The optimization algorithm (like gradient descent) adjusts the numbers in both embeddings to reduce the error. It might change:
- embedding_dog to [0.3, 0.15, 0.5, 0.2, 0.4, ..., 0.25]
- embedding_bark to [0.4, 0.2, 0.6, 0.25, 0.5, ..., 0.30]

**Step 5: Recalculate dot product**

$$\text{dot product} = (0.3 \times 0.4) + (0.15 \times 0.2) + (0.5 \times 0.6) + \ldots + (0.25 \times 0.30)$$

Now equals 0.60. Closer to 0.63, so continue adjusting.

**Step 6: Repeat iteratively**

The algorithm continues adjusting the embedding values thousands of times. After many iterations, it might reach:
- embedding_dog = [0.42, -0.18, 0.55, 0.10, 0.45, ..., -0.22]
- embedding_bark = [0.48, -0.15, 0.61, 0.08, 0.40, ..., -0.20]

$$\text{dot product} = (0.42 \times 0.48) + (-0.18 \times -0.15) + (0.55 \times 0.61) + \ldots + (-0.22 \times -0.20)$$
$$= 0.202 + 0.027 + 0.336 + \ldots + 0.044$$
$$= 0.63$$

**Success!** The dot product now matches the target PMI.

### Q14: What do these embedding numbers represent?

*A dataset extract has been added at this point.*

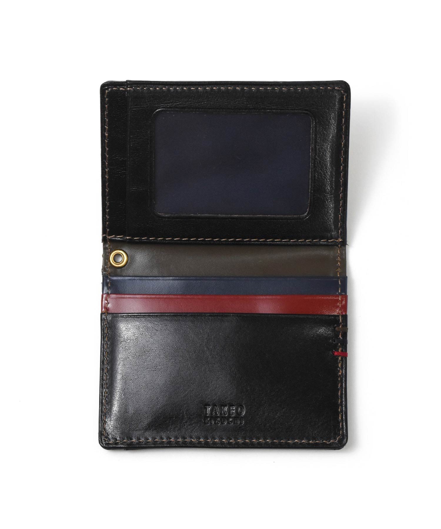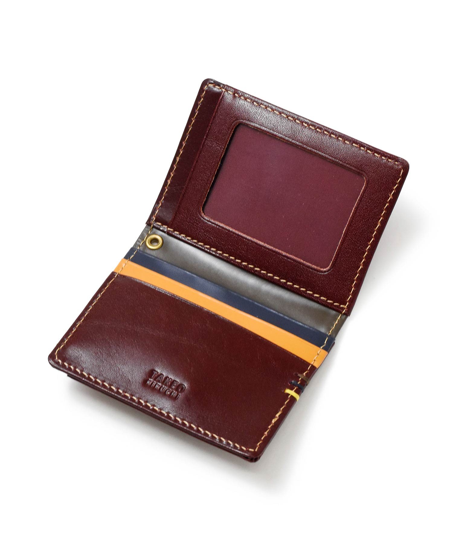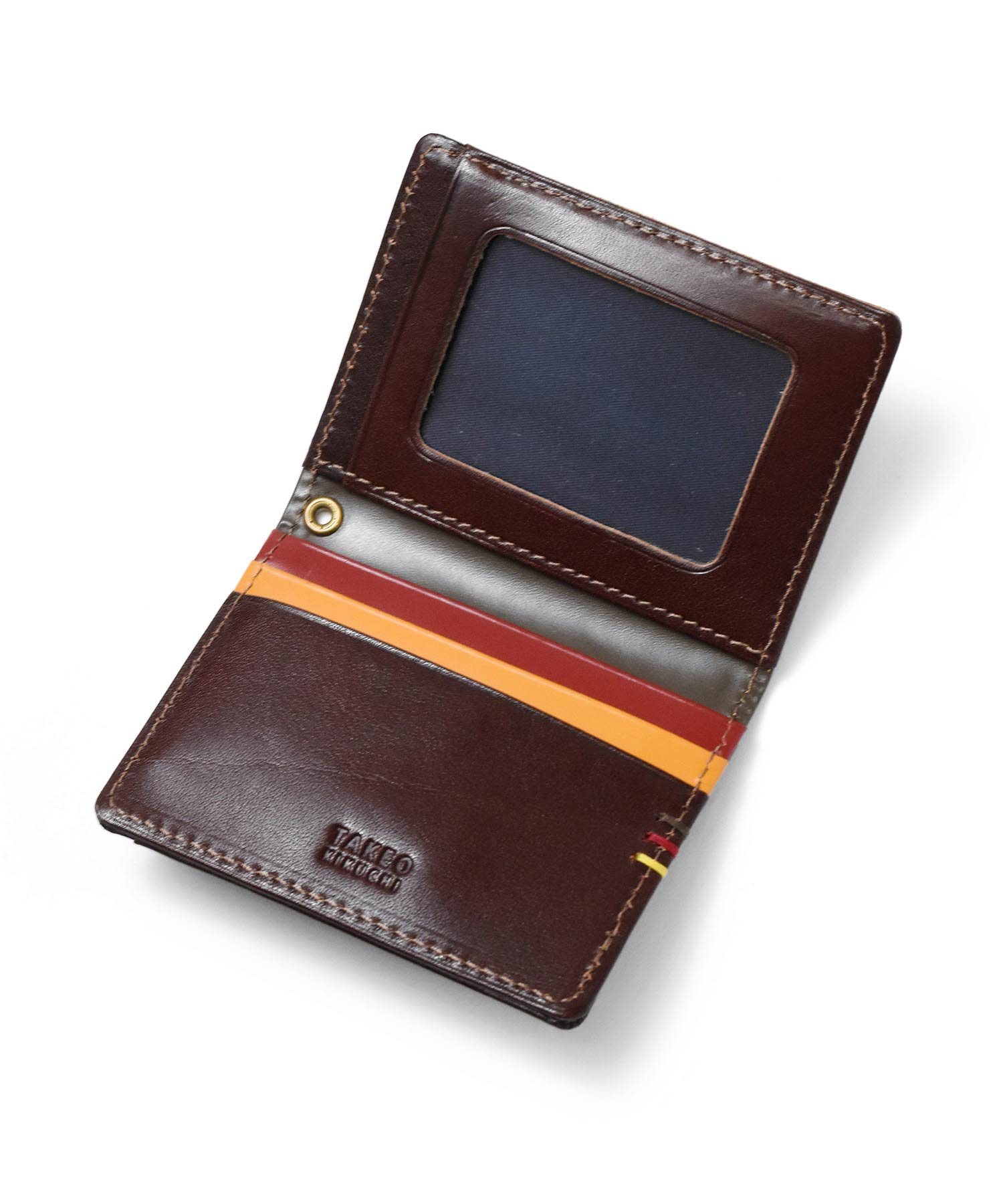 革の質感を重視したシンプルなフェイスと、カード段に配色を施したカラフルな内装とのギャップが特徴です。また、配色のカラーを使用したかがりステッチもさりげないポイントのタケオキクチのパスケースです。内側と背面の2か所に窓付きカードポケットがあり、カードの視認ができます。
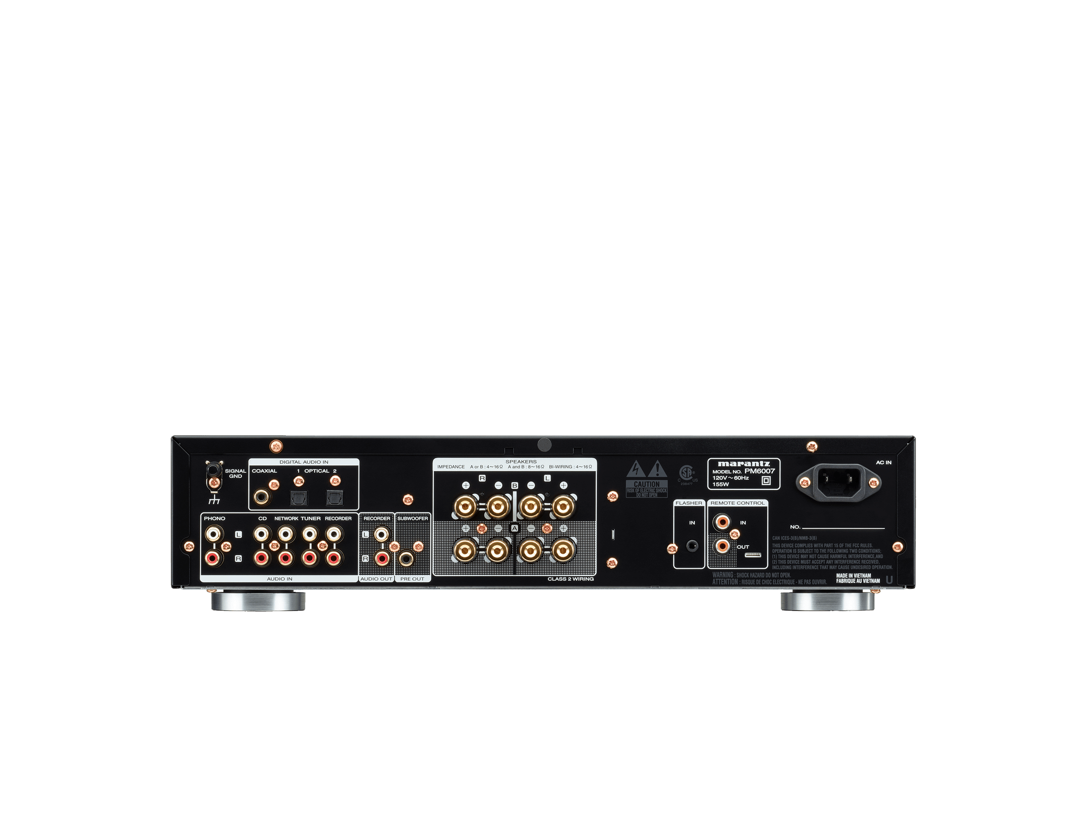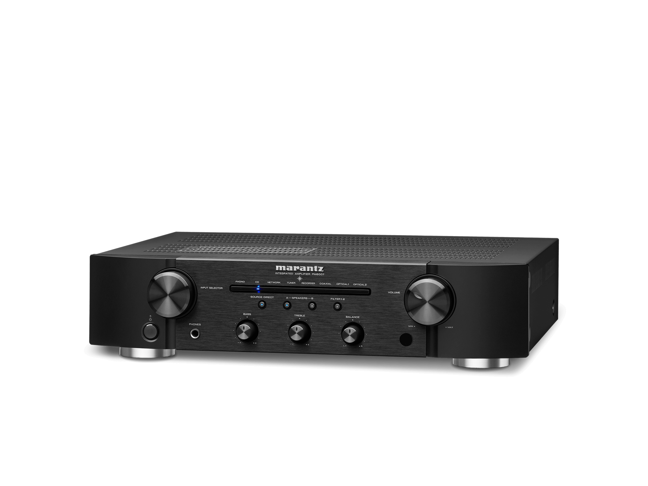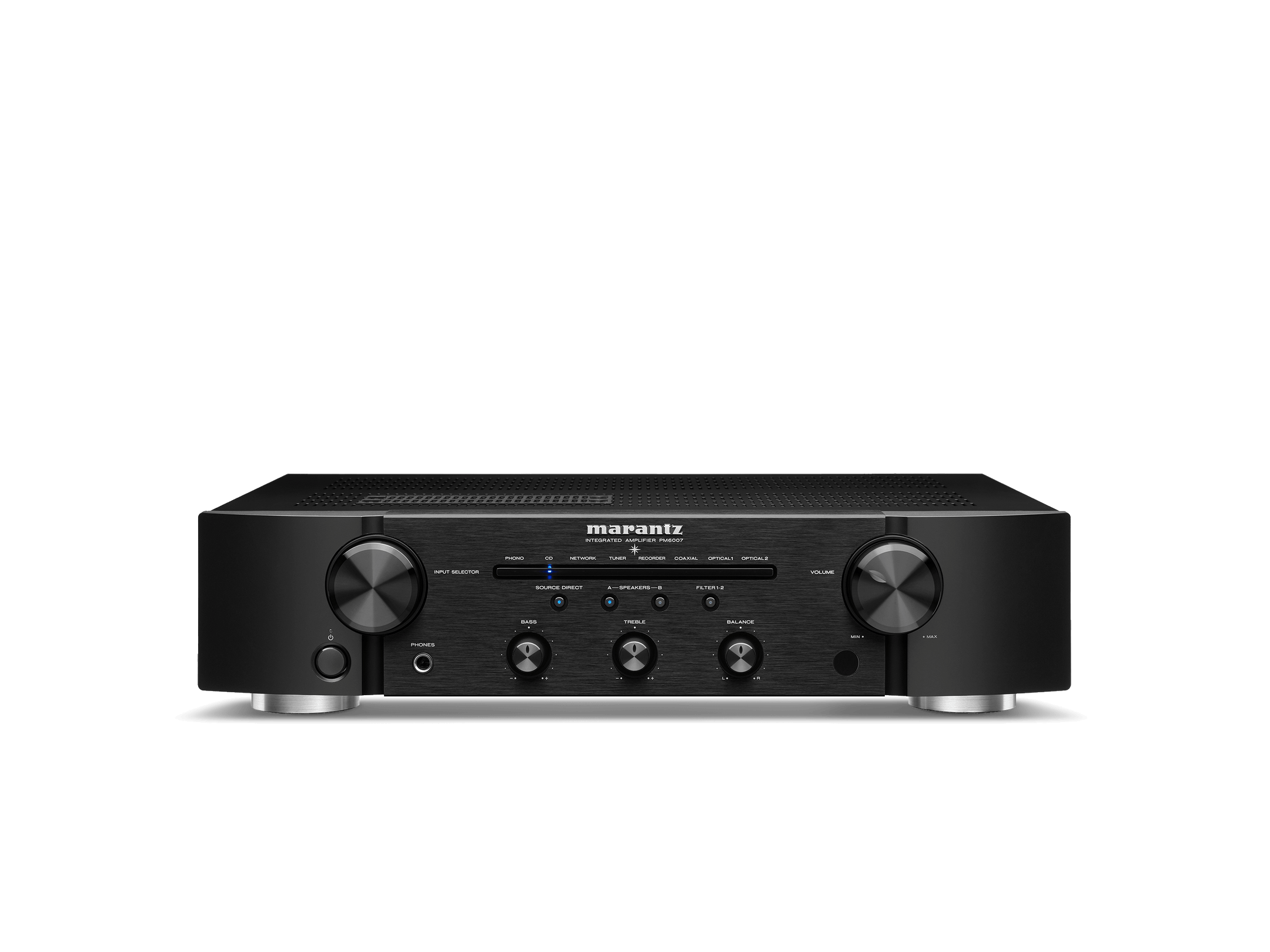 Marantz PM6007 Black — интегрированный усилитель. Конструкция базируется на фирменной архитектуре усиления с обратной токовой связью (Current Feedback) и использует дискретные каскады на модулях HDAM-SA3 и HDAM-SA2 (Hyper Dynamic Amplifier Module). Модули обеспечивают повышенную скорость нарастания сигнала, низкий уровень искажений и точную фазовую согласованность каналов. В основе силовой схемы лежит тороидальный трансформатор с низким уровнем механических вибраций и высоким КПД. Усилитель развивает мощность 2 х 45 Вт при нагрузке 8 Ом и 2 х 60 Вт при 4 Ом. Аналоговая часть дополнена цифровым блоком с интегрированным ЦАП AK4490, поддерживающим обработку потоков PCM с частотой дискретизации до 192 кГц и разрядностью 24 бит. Для цифровых источников предусмотрены два оптических и один коаксиальный вход, все с позолоченными контактами. Аналоговых входов — пять, включая один для проигрывателя винила с MM-картриджем, оснащенный малошумным фонокорректором стандартного типа. Предусмотрены линейный выход на сабвуфер и выход на наушники с выделенным усилительным каскадом. Особое внимание уделено акустическим клеммам: используются металлические, позолоченные винтовые терминалы типа “A/B”, допускающие подключение двух пар колонок. В схеме управления реализована функция Source Direct для обхода эквалайзера (высокие и низкие). В комплекте идет пульт дистанционного управления.

The numbers in the embeddings (like 0.42, -0.18, 0.55, etc.) are **learned parameters discovered through optimization**. They are:

- **NOT** co-occurrence counts from the matrix
- **NOT** probabilities
- **NOT** logarithms of anything
- **NOT** mathematically derived from a formula

They are simply **values that the algorithm discovered through trial and error** to satisfy the constraint that their dot product equals the target PMI.

Think of it like solving a puzzle:
- **The puzzle:** Find two sets of 300 numbers that multiply together (dot product) to give 0.63
- **The optimizer:** Tries different number combinations repeatedly and measures the error
- **The solution:** After many iterations, finds one valid combination

There's nothing inherently special about the specific values [0.42, -0.18, 0.55, ...]. A different optimization run might produce different numbers. **As long as the dot product equals 0.63, any set of numbers works.**

### Q15: Does GloVe train embeddings for just one word pair?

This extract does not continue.